On 2 July 2016 at 14:59, Jonathan Underwood
<[email protected]> wrote:
> On 2 July 2016 at 14:54, Mike Bayer <[email protected]> wrote:
>>
>>
>> On 07/02/2016 07:46 AM, Jonathan Underwood wrote:
>>>
>>> Hi,
>>>
>>> As documented, the default constructor for objects that inherit from
>>> Base doesn't work in multiple inheritance situations (unless Base is
>>> last in the list of classes, I suppose). It wouldn't be too difficult to
>>> change this without breaking existing expectations, I believe. Something
>>> like this:
>>>
>>> def _declarative_constructor(self, **kwargs):
>>>     """A simple constructor that allows initialization from kwargs.  Sets
>>>     attributes on the constructed instance using the names and values
>>>     in ``kwargs``.
>>>
>>>     Differs from the default constructor in that (a) keys not present
>>>     in the attributes of the instance's class are ignored; (b) we call
>>>     super at the end to ensure proper multiple inheritance behaviour.
>>>
>>>     """
>>>     cls_ = type(self)
>>>     unused_kwargs = dict()
>>>     for k in kwargs:
>>>         if hasattr(cls_, k):
>>>             setattr(self, k, kwargs[k])
>>>         else:
>>>             unused_kwargs.update({k:kwargs[k]})
>>>
>>>     super(Base, self).__init__(**unused_kwargs)
>>
>>
>> Well, all existing tests would have to pass, but also I wonder where are you
>> getting "Base" above?  It's not present and would have to be passed to an
>> enclosing function that generates a _declarative_constructor as a closure.
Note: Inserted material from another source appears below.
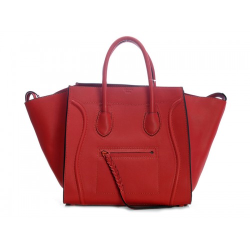 Чанта Celine Luggage Phantom Square Tote от череша с черна тапицерия

>> That would imply a change in the API of the declarative_base function, which
>> accepts a constructor function as an argument, to now accept a
>> constructor-generating function.
>
> Yes, I had this thought too, after sending the earlier email. Having
> thought about it, I can't immediately see an easy way to establish the
> name of the generated declarative_base class without the API change
> you describe (which I assume you'd be opposed to). This is a shame, as
> it would be nice not to break multiple inheritance, but I really can't
> see a good general fix.

As an addenda, it's interesting to note that on python 3, a bare
super() call would work in this situation (I think) and the problem is
solved. So, this is actually a python 2 compatibility thing.. when the
world has moved to python 3 we could revisit this.